サウンドアプローチもさらに豊かになり、前作から引き続き作曲・編曲を手がける加藤冴人やebaが描く音像は、緑仙の思い描くテーマをより解像度高く表現する。この作品にはもはや「VTuberの」という但し書きは不要。アーティスト・緑仙としての矜持と自信とが注ぎ込まれた決定的な一枚となった。この年末には初のCOUNTDOWN JAPANへの出演も決定しているが、緑仙は今、音楽という表現にどんな可能性を見出しているのだろう。今回のインタビューでは楽曲が生まれた背景から、アルバムの細部に滲む「人生論」までが語られ、緑仙というアーティストをより深く理解することができるだろう。
インタビュー=杉浦美恵
──前作『イタダキマスノススメ』から今作『ゴチソウサマノススメ』の2枚で「人生」を表現するという、このコンセプトは当初から念頭にあったものなんですか?自分の表現に対して自信がついてきていて、いろんなことにチャレンジしていこうという気持ちになっているんですよね。なんか今すごく幸せです(笑)

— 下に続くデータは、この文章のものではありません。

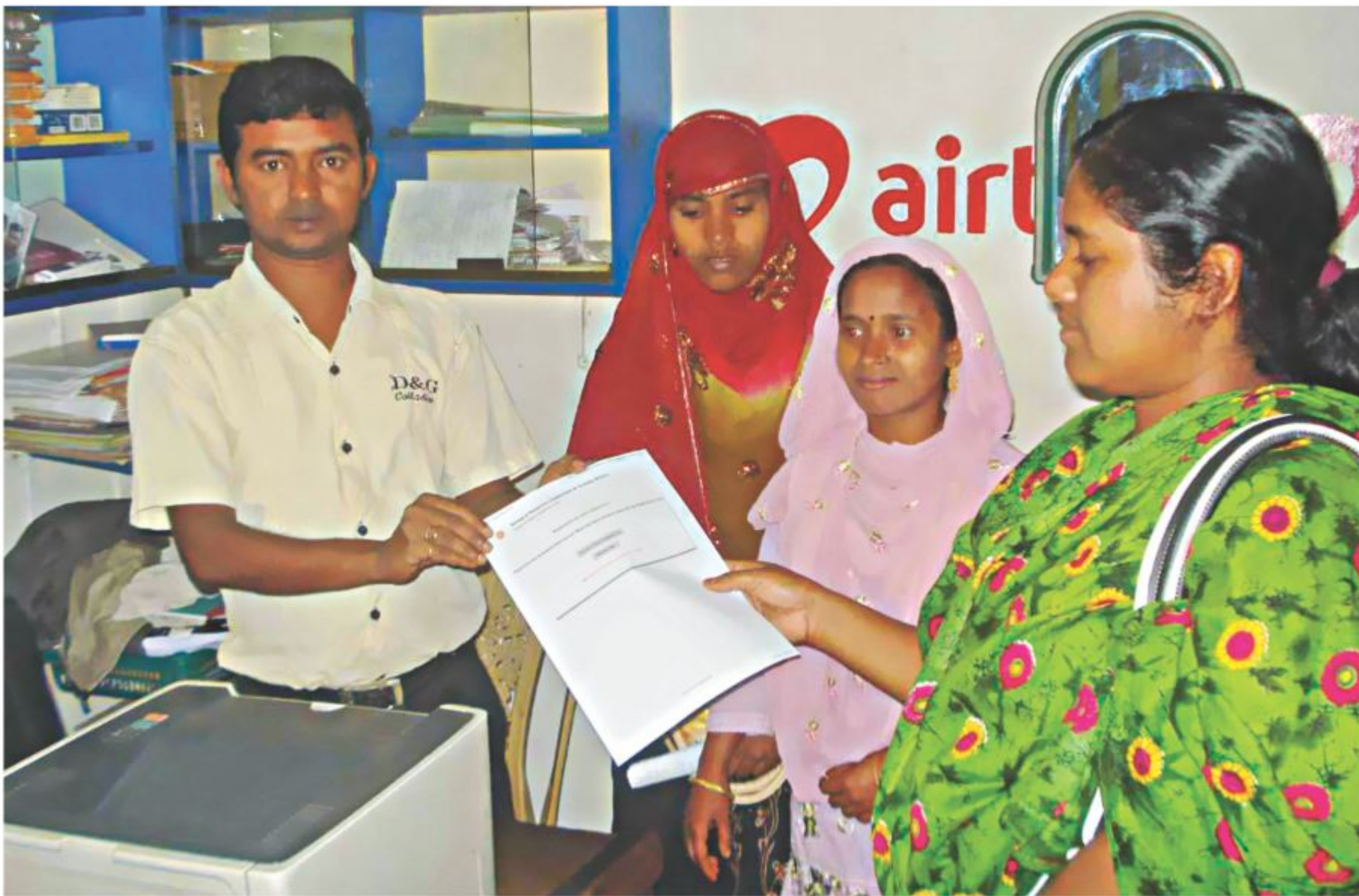
The online registration of women seeking overseas employment through the government begins in Rangpur yesterday.

はい。最初から、ふたつ繋がった作品にして「食事と人生」というものをかけ合わせて表現するというコンセプトは決まっていたので、今「やっと全部出せたぜ!」っていう気持ちです(笑)。
──『イタダキマスノススメ』は緑仙さん自身、音楽活動に大きな手応えを感じた作品だったと思いますが、この『ゴチソウサマノススメ』ができたことによってさらに自信が深まったのではないでしょうか?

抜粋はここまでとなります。